İstanbul’da alt geçitten bozma tren garları nire Bilecik tren garı nire? Öyle
bir tren istasyonu var. Sırf bu yüzden bile Bilecik’e günübirlik tren gezisi planlanabilir.
Ben de öyle yaptım. Erkenden git, şehirde gezilecek bir iki yeri gör, şehri
bitirme, hiçbir yer tek seferde görerek bitmez, akşam üstü yorulunca tren
garına git, garda geniş geniş dinlen. Sonra gelen trene bin, mis gibi bir
şekilde geldiğin yere geri dön. Ağzınız sulanmıştır diye düşünüyorum ama hala Bilecik
görülmeli havasına girmeyenler için Bilecik’i anlatmaya devam ediyorum.
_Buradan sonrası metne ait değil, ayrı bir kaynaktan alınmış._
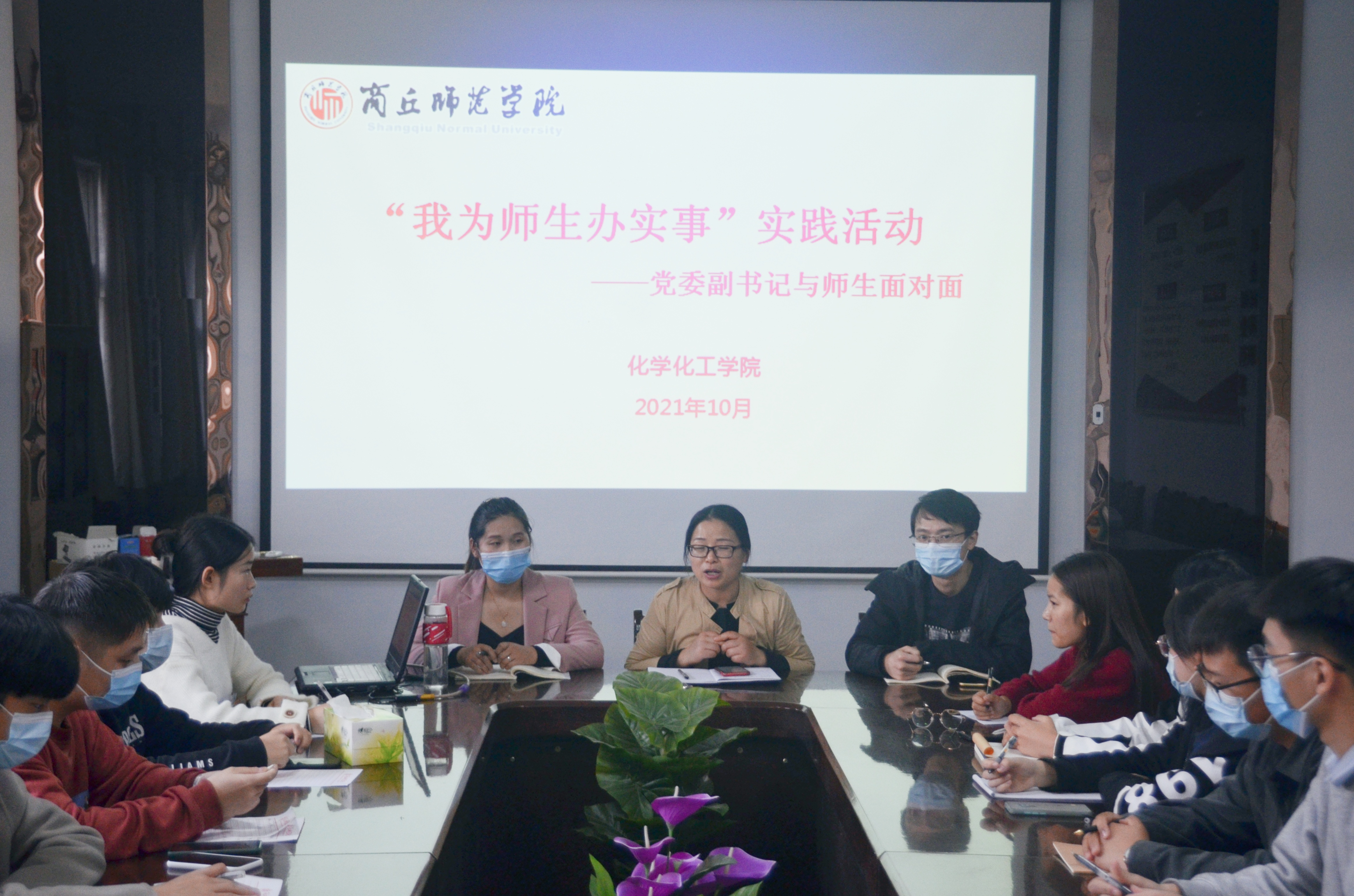为号召广大师生学党史、悟思想、办实事、开新局,将党史学习教育与服务师生相结合,10月13日下午5点,beat365英国官网网站于睢阳校区七号楼会议室召开“我为师生办实事”实践活动。党委副书记张颜梅主持,学工办副主任史展、辅导员李宁娅以及19级、20级班委参加。
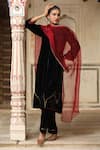 Black Velvet, Chiffon Embroidery Round Neck Kurta Set
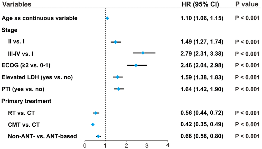 Patients’ age as a continuous variable had a significant independent association with OS (HR, 1.10; 95% CI, 1.06–1.15) after adjusting for covariates and treatments (Figure 4). Other clinical factors, including stage, PS, LDH, and PTI significantly influenced OS. Compared with CT only, RT (HR, 0.56; 95% CI, 0.44–0.72) and CMT (HR, 0.42; 95% CI, 0.35–0.49) significantly decreased the risk of mortality. Non-ANT-based CT was associated with a significant improvement in OS compared with ANT-based CT (HR, 0.68; 95% CI, 0.58–0.80), indicating age, as a continuous variable, was an independent prognostic factor for OS, regardless of primary treatment.
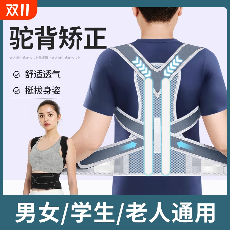 驼背矫正器男士沉肩直腰美背体H态神器矫姿带开肩调整拉背背部
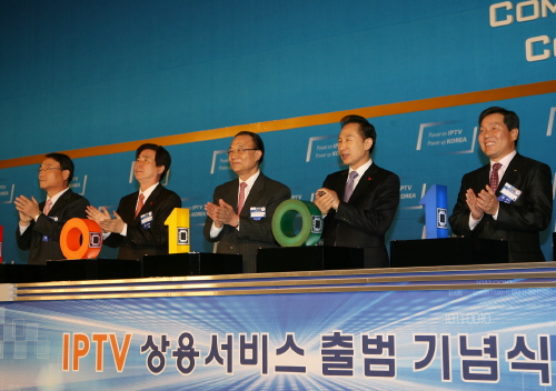이명박 대통령은 12일 서울 삼성동 코엑스에서 열린 ‘IPTV 상용서비스 출범 기념식’ 축사에서 “IPTV 상용서비스의 출범을 계기로 우리 방송.통신 시장이 시대의 흐름을 선도하고 경쟁과 변화에 신속하게 대응할 수 있도록 법과 제도를 과감하게 고쳐나갈 것"이라고 말했다.
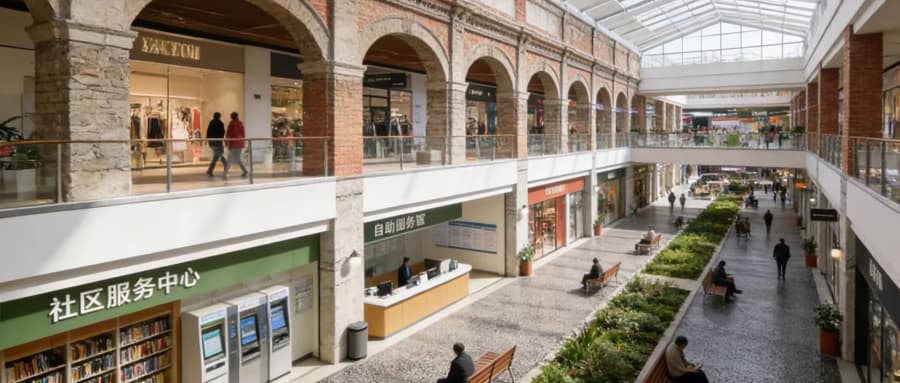 空间功能多元化:商业与公共服务的融合共生 商业空间不再局限于消费功能,而是逐渐成为集消费、社交、文化、公共服务于一体的“城市公共客厅”。未来商业将深度融入城市发展,引入图书馆、社区服务中心、政务办理点、医疗健康站等公共服务设施,同时通过举办文化展览、公益活动、社区市集等,增强空间的公共属性与社群凝聚力。这种“商业+公共服务”的融合模式,既提升了商业空间的使用效率,也强化了与消费者的情感连接。
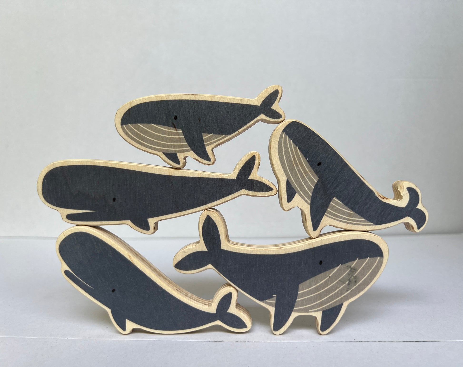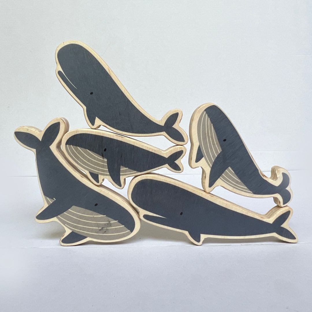 Необятен морски свят, сет от 5 различни фигурки, направени от брезов шперплат.
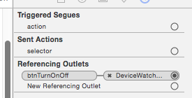 - (IBAction) btnTurnOnOffClicked ;WKInterfaceButton对象时,可以在实用程序面板中找到“已发送的操作”。
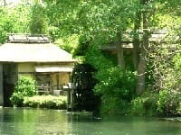 写真右:ワサビ田の水車小屋付近をおだやかに進む
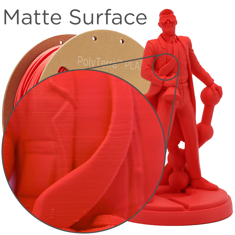 Отличаващ се с широк температурен диапазон на печат от 190-230°C, PolyTerra™ . Mоже да се включи и да работи на всеки 3D принтер, базиран на екструзия. Повърхностният завършек на 3D отпечатаните детайли е уникално матов, което скрива линиите на слоевете, дори при печат с голяма височина на слоя.
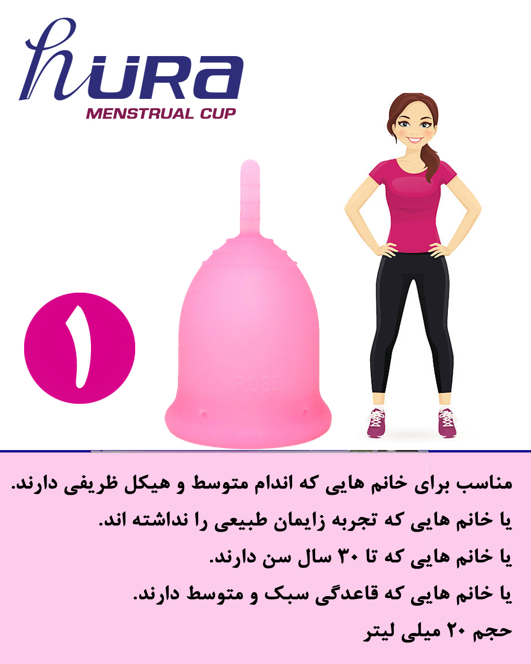 کاپ قاعدگی حورا، سایز یک(کوچک), مناسب براى خانم هايى كه اندام متوسط و هيكل ظريفى دارند يا خانم هايى كه تجربه زايمان طبيعى را نداشته اند يا خانم هايى كه تا 30 سال سن دارند. يا خانم هايى كه قاعدگى سبک و متوسط دارند.
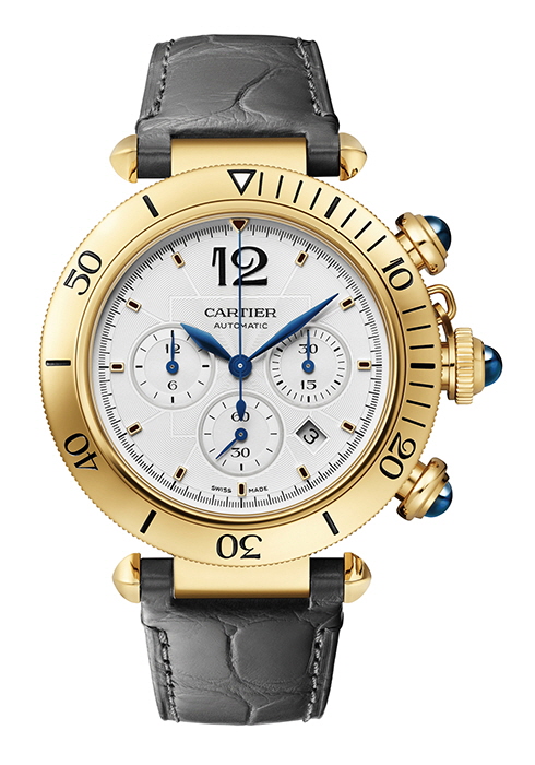 지난해 다시 론칭한 ‘파샤 드 까르띠에’는 올해 신제품 라인업에 여성을 위한 지름 30mm 모델과 지름 41mm 크로노그래프 모델을 새롭게 추가했다. ‘파샤 드 까르띠에 크로노그래프’는 블루 카보숑 컷 스톤을 세팅한 커다란 푸시 버튼과 회전 베젤을 더한 강인한 외관이 돋보이는 제품. 스틸 또는 골드 소재로 선보이며, 교체 가능한 퀵 스위치 시스템을 적용한 네이비 블루 및 그레이 앨리게이터 레더 스트랩, 스마트 링크 시스템을 겸비한 스틸 브레이슬릿과 함께 제공한다. 47시간의 파워 리저브 기능을 갖춘 오토매틱 와인딩 메캐니컬 무브먼트 1904-CH MC로 구동한다.
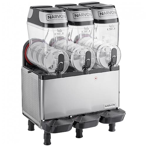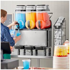 A Máquina de Bebidas Congeladas Narvon SM3 Triple 11 litros é perfeita para servir smoothies, slushies, granitas, chás gelados, limonadas e sucos refrigerados. Com design compacto e iluminação LED nas tigelas, proporciona ótima visibilidade dos produtos. Possui controle digital de temperatura, permitindo ajuste para bebidas congeladas e refrigeradas. As tigelas e componentes são de fácil remoção para limpeza rápida. Com estrutura em aço inoxidável durável e sistema de ventilação eficiente, pode ser usada em ambientes internos e externos. A espessura do slush em cada tigela é facilmente controlada, oferecendo consistência ideal. A operação é simples e sem respingos, graças à válvula sem gotejamento com alça grande. A limpeza diária é descomplicada, sem a necessidade de ferramentas. Aproveite a oportunidade de aumentar as vendas de bebidas exibindo suas especialidades de forma atrativa!
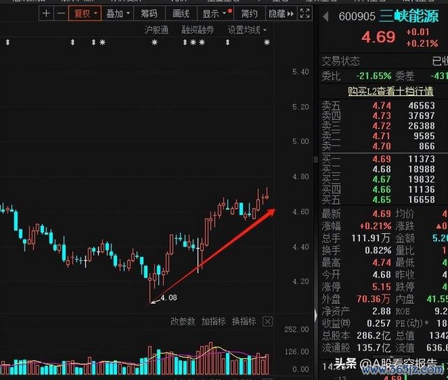 三峡能源,近期表现平稳,节后至今的涨幅并不明显,在经过修整之后,最近又开始往上走,但力度并不明显;均线的多头排列形态很良好,30日线已经往上靠拢到4.5附近,即便后面随着市场出现调整,空间也很有限,到30日线就行了。
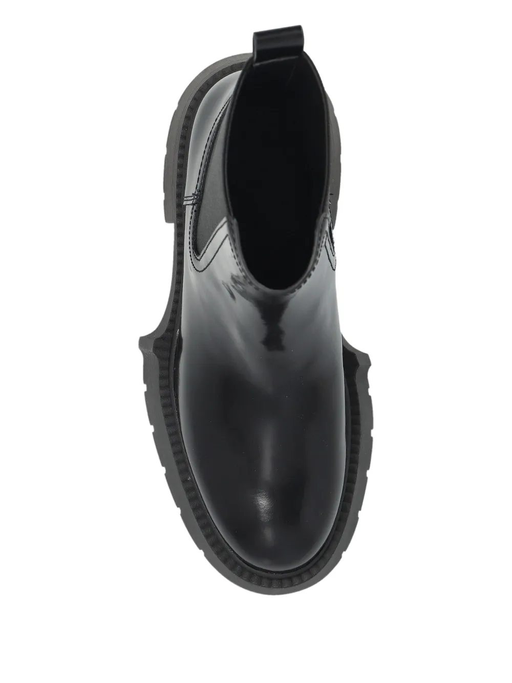 черная телячья кожа, рифленая подошва, петля для натягивания на голенище, эластичные боковые вставки, массивный каблук

Şehir Şeyh Edebali’nin şehri. Şeyh Edebali malumunuz
Osman Bey’in kayınpederi olan bilge kişi. Tren garından binilen özel halk
otobüsleri ile türbeye yakın yere kadar gidilebilir. Sonrası ayaklar ya da
sağdan soldan geçen arabalar sayesinde gelişir. Tavsiyem gidiş yolunu yürüyerek
yapmanız. Dönüş yolu için Allah’a dua etmeniz ve oradan araçla dönen
birilerinin aracında bayırı aşmanız.
Gidiş yolunu yürümelisiniz çünkü, tarihi eskilere
dayanan şehirlerde olma hissini yaşarsınız. Bayıra kurulan şehirleri
hatırlarsınız; mesela Amasya.
Şeyh Edebali Türbesi’nin yolunda Amasya’nın
tepelerinden Yeşil Irmak’a bakıyormuşsunuz havasına girebilirsiniz. Amasya’yı
görmediyseniz diyecek bir şeyim yok. Amasya da Bilecik gibi küçük ama dolu dolu
bir şehir. Yeşilırmak’ı görmediyseniz, akşamüstü ırmak kenarında
yürümediyseniz, şehre tepeden bakmadıysanız, çay bahçesine evrilen konaklarda Yeşilırmak’a
nazır çay içmediyseniz…
Yazı Bilecik yazısıydı Bilecik’e geri dönüyorum.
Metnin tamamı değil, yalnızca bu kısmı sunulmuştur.